Евгений Абдуллаев. Поэзия действительности.Очерки о поэзии 2010-х.
После многочисленных обзоров поэзии “нулевых” у меня сложилось впечатление, что мы присутствуем едва ли не при конце русской поэзии. Но вот вышли номера журналов с единичкой вместо второго нуля; а в них — поэтические подборки, а в подборках — стихи: хорошие, разные, всякие... Так родилась эта идея — вместо отчетного доклада начать цикл заметок о поэзии нового десятилетия. Не столько о “новинках” — с этим неплохо справляются рецензенты и обозреватели — сколько о тенденциях; и не столько об авторах — сколько о стихах, эстетике, критике. О новейшей поэзии, иначе говоря. Тема и подсказала заглавие. “Новейшая поэзия есть поэзия действительности, поэзия жизни”, — писал Белинский в своей известной статье о Грибоедове.
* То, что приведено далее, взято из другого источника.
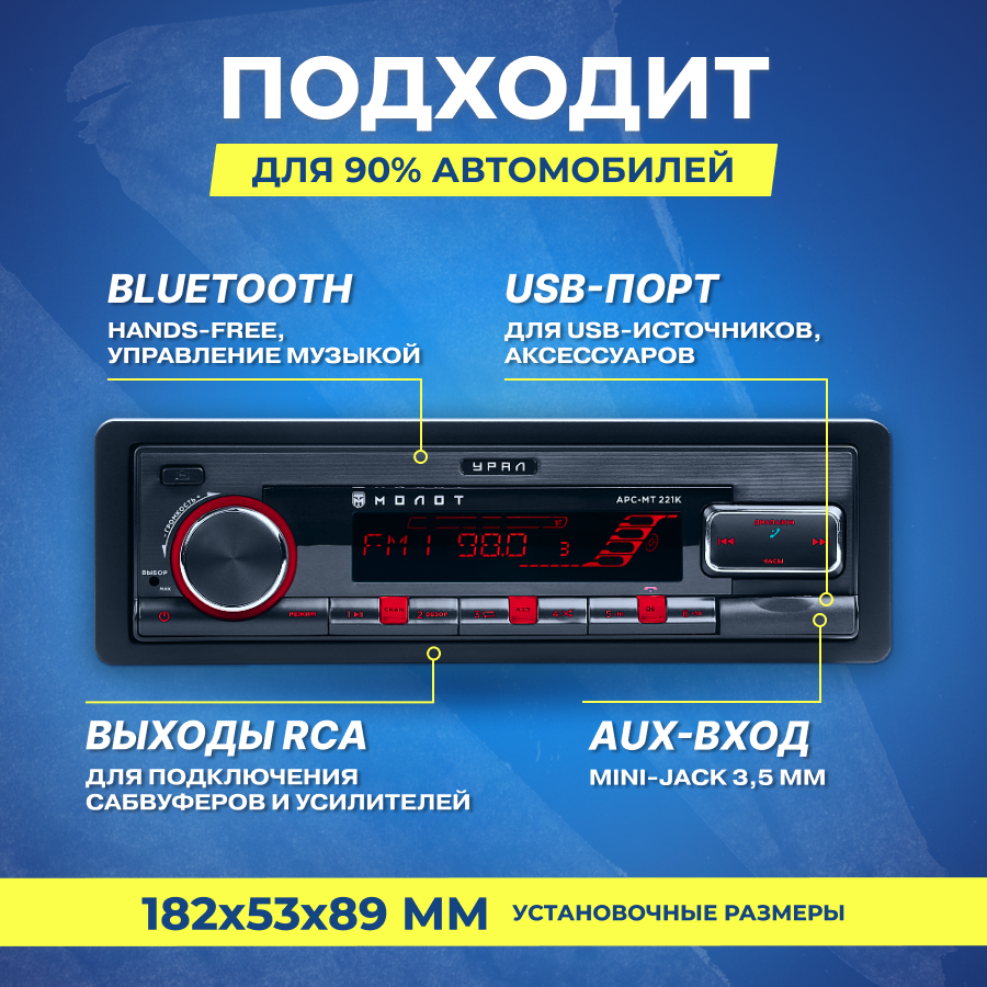 Головное устройство (автомагнитола) урал молот АРС-МТ 221К

Конечно, и поэзию, и действительность мы сегодня воспринимаем и понимаем несколько иначе, чем “неистовый Виссарион”. И все же словосочетание поэзия действительности представляется вполне пригодным. В “нулевые” началось стремительное наступление действительности на все прежние башни из слоновой кости. В прозе — “новый реализм” и нон-фикшн, в драматургии — “новая драма”, в кинематографе — видеоарт... При всей разности этих течений, условности терминологии и неоднозначности художественных результатов, можно говорить о неком общем векторе. Пробуравить слой “классических образцов” и паразитирующих на них подобий, подобий подобий, симулякров. В поэзии ситуация сложнее. Претензий — как обоснованных, так и нет — на новизну вроде бы достаточно. На прорыв к действительности — фактически нет. Речь идет не об отражении действительности — словно она, действительность, есть что-то данное, определенное, и только ждет не дождется, когда ее “отразят”. Речь — о воле к прорыву, о воле к выходу из тех сумерек литературности, филологичности, поэтичности, в которые погружают себя поэты. Первый очерк как раз об этом. О выходе из пещеры.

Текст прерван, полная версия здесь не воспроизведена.